(Your task): Look through the entries below for the line with "如下图所示,上表为数据源表,存放每个公司" and the line with "Kız Çocuk Yarasa", then give again exactly those two lines and all lines between them, minus the pictures.
** Opening Data extract block **
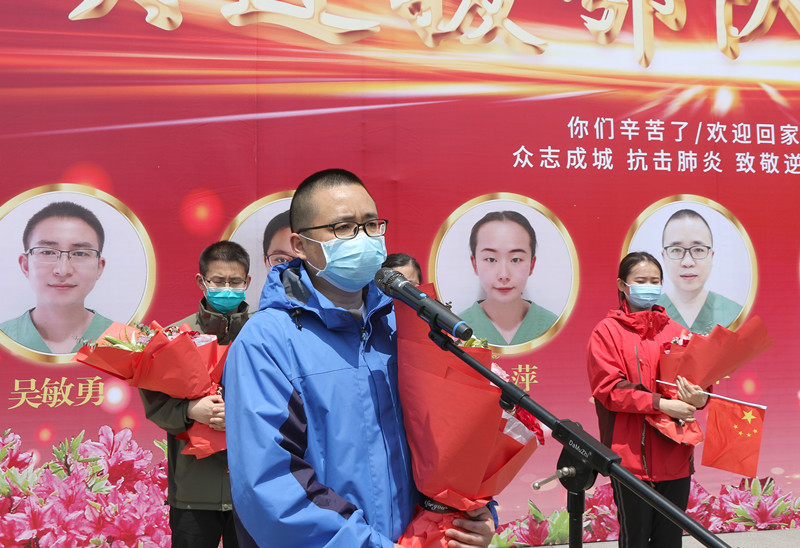 該縣總醫院血液透析科主任宋學軍代表援鄂醫療隊分享了援鄂期間的點滴。他說:“在湖北支援的日子難忘而堅定,但我們堅信這場無硝煙的戰役終會取得勝利。”
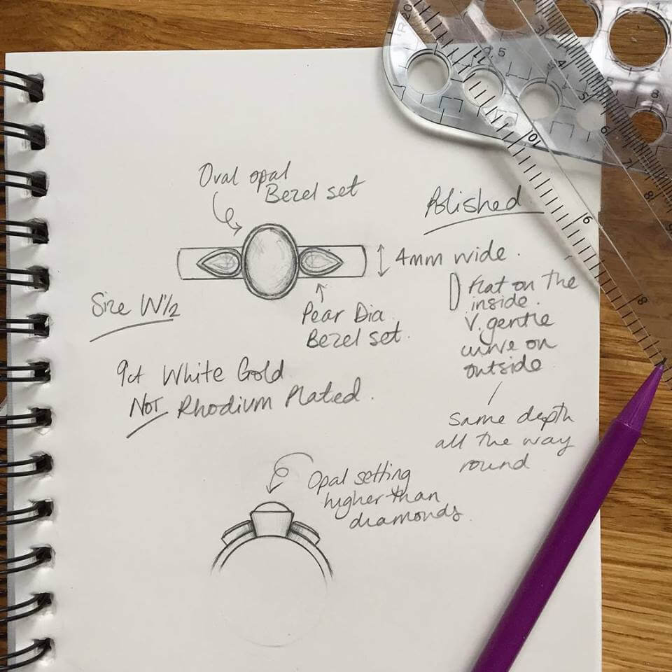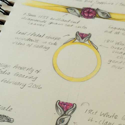 Going through the bespoke jewellery design journey is a fantastic and exciting process. You will be working with an expert who can answer any questions you have – you’ll get to learn in more depth about the purchase you are making than if you bought a ring off the shelf. Seeing your ideas translated into a beautiful design on paper and then be made into a stunning and unique ring is a truly magical experience that will only add to the joy at this exciting time.
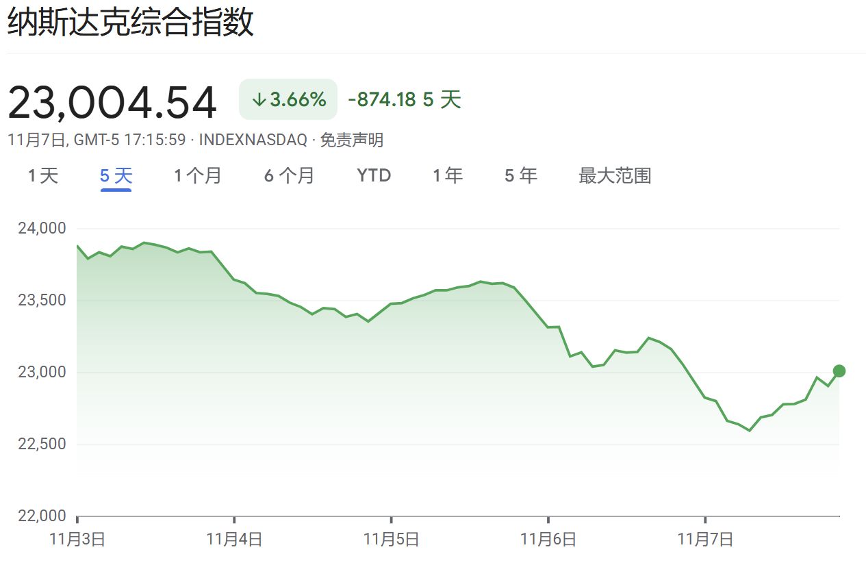 11月7日(周五),美股上演“惊魂一夜”,三大指数开盘1个小时后一路下跌,标普指数一度跌超1.2%,纳指跌超2%,随后三大指数上演“V型反转”。截至当天收盘,标普、道指分别上涨0.13%和0.16%,纳指收跌0.21%。
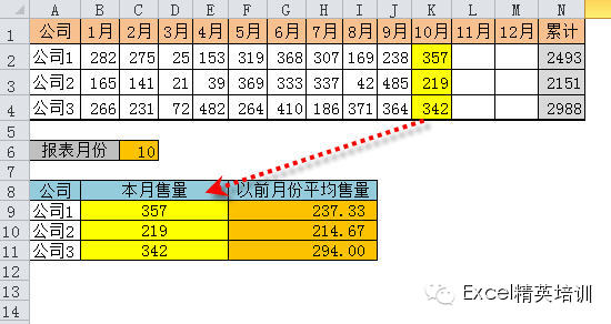 如下图所示,上表为数据源表,存放每个公司全年的销售数据,下表为生成的分析表,提取指定月份(C6单元格)的对应销量,同时还要计算前N个月份的平均销量。
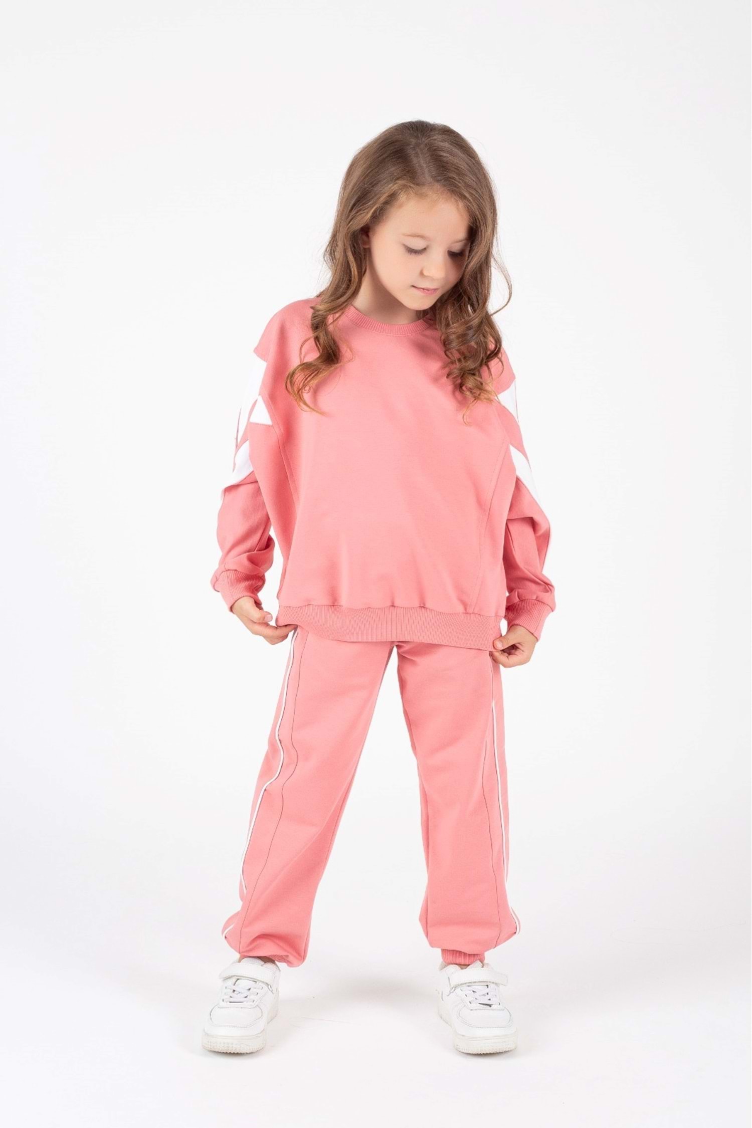 Kız Çocuk Yarasa Kol Şerit Detaylı Alt-Üst Eşofman Takımı M00755
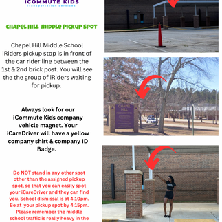 Below we will show the exact pickup spots for our middle and high school iRiders. Please be sure to save, print or send your iRider their school pickup spot photo.
** Closing Data extract block **
(Task solution):
 如下图所示,上表为数据源表,存放每个公司全年的销售数据,下表为生成的分析表,提取指定月份(C6单元格)的对应销量,同时还要计算前N个月份的平均销量。
 Kız Çocuk Yarasa Kol Şerit Detaylı Alt-Üst Eşofman Takımı M00755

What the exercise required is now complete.